4月13日の日本サッカー協会の理事会で、新たに「日本サッカー殿堂」入りする10人が決まった。新田純興、玉井操、小野卓爾、竹内悌三、篠島秀雄、福島玄一、二宮洋一、賀川太郎、鴇田正憲、岩谷俊夫の各氏(すべて故人)である。
しかし、今回、もう1人、殿堂入りの候補がいた。金容植氏である。1936年ベルリン五輪で、スウェーデンを破ったときの日本代表のメンバーである。ちなみに、竹内悌三氏もベルリン五輪のメンバーである。金氏は、当時、日本の植民地だった朝鮮から、ただ1人五輪日本代表に選ばれた。五輪後も日本代表として活躍し、戦後は韓国代表の監督も務めた、日本サッカーの功労者と同時に、韓国サッカーの誇りといえる人物だ。

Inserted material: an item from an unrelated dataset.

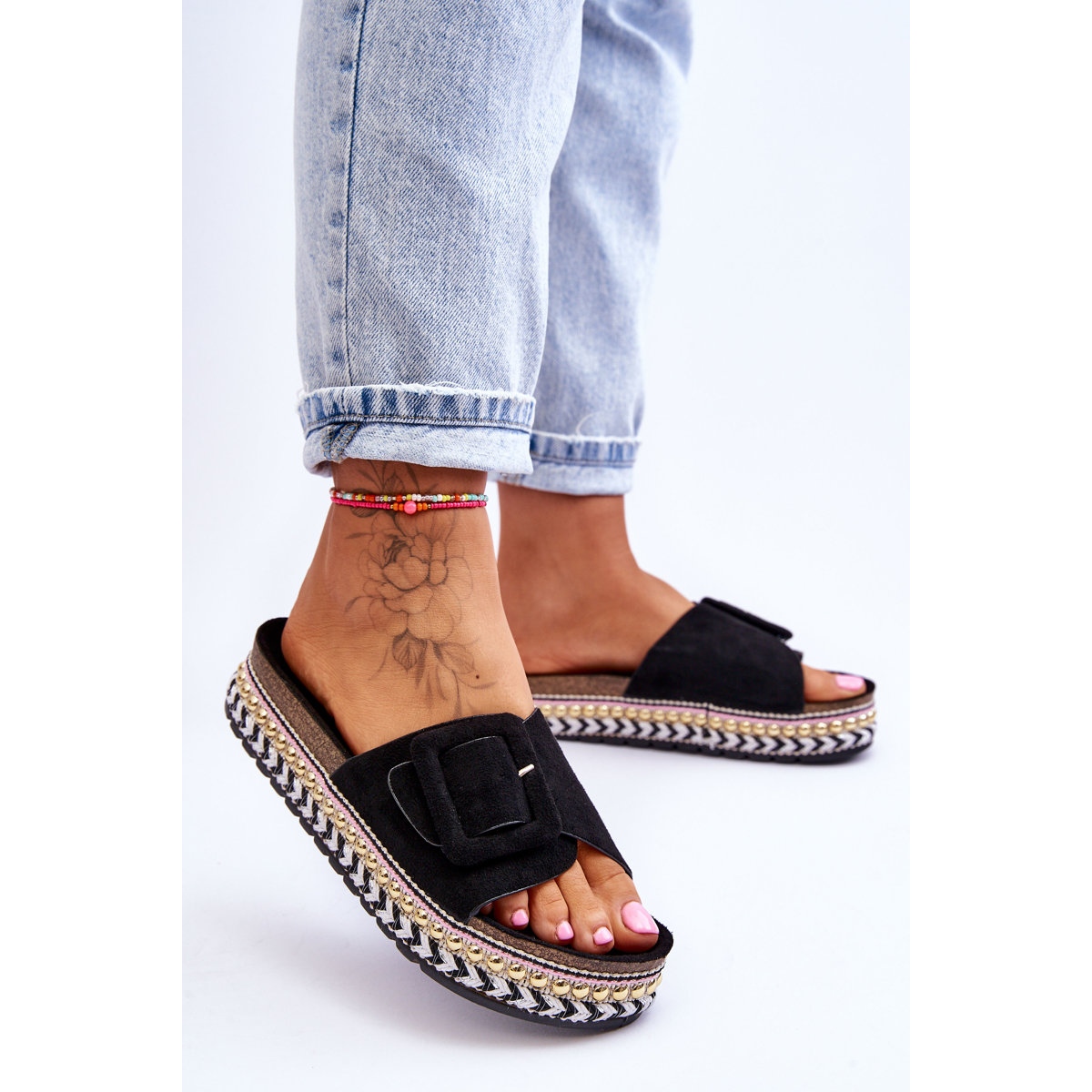 Tongs Joyce noires pour femmes avec une plateforme décorée de PS1 - Le confort rencontre le style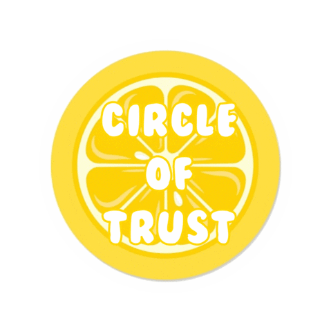 A vibrant yellow lemon slice graphic with the text 'Circle Of Trust' in white, representing loyalty and community.

日本サッカーからみれば、その功績に疑いはない。しかし、韓国側からみて、金氏が「日本サッカー殿堂」に入ることは、どういう気持ちなのだろうか。植民地、朝鮮から選抜され、日の丸のユニフォームで活躍したことを称えられるのである。複雑なことは間違いない。

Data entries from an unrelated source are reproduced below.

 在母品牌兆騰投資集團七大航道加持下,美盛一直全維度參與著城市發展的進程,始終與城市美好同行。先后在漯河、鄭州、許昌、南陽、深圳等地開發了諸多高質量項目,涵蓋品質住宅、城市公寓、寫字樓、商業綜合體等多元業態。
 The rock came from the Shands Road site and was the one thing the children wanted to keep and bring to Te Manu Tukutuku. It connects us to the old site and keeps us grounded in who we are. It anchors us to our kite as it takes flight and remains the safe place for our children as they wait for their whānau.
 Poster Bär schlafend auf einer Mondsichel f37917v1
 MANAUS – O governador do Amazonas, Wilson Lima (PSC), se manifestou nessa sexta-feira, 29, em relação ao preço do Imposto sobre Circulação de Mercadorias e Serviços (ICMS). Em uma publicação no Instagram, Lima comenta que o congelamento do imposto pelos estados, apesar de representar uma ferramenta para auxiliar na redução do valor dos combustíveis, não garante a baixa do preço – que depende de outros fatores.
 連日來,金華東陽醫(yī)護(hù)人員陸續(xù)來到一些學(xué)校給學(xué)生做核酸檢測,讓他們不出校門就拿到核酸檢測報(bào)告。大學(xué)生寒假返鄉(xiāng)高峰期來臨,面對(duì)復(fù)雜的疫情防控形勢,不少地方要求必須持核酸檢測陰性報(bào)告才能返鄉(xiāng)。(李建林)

日本サッカー協会からの打診に対して、金氏のご家族からは、すでに韓国サッカー協会の殿堂入りをしているという理由で、「丁重なお断り」があったそうだ。しかし、本当の理由が、それだけでないことは容易に想像がつく。
2002年の日韓ワールドカップのおかげで、近くなった日本と韓国の心の距離だが、歴史のなかに残る距離までが縮まったわけではない。ぼくたちは、そのことをきちんと認識しておかなければならない。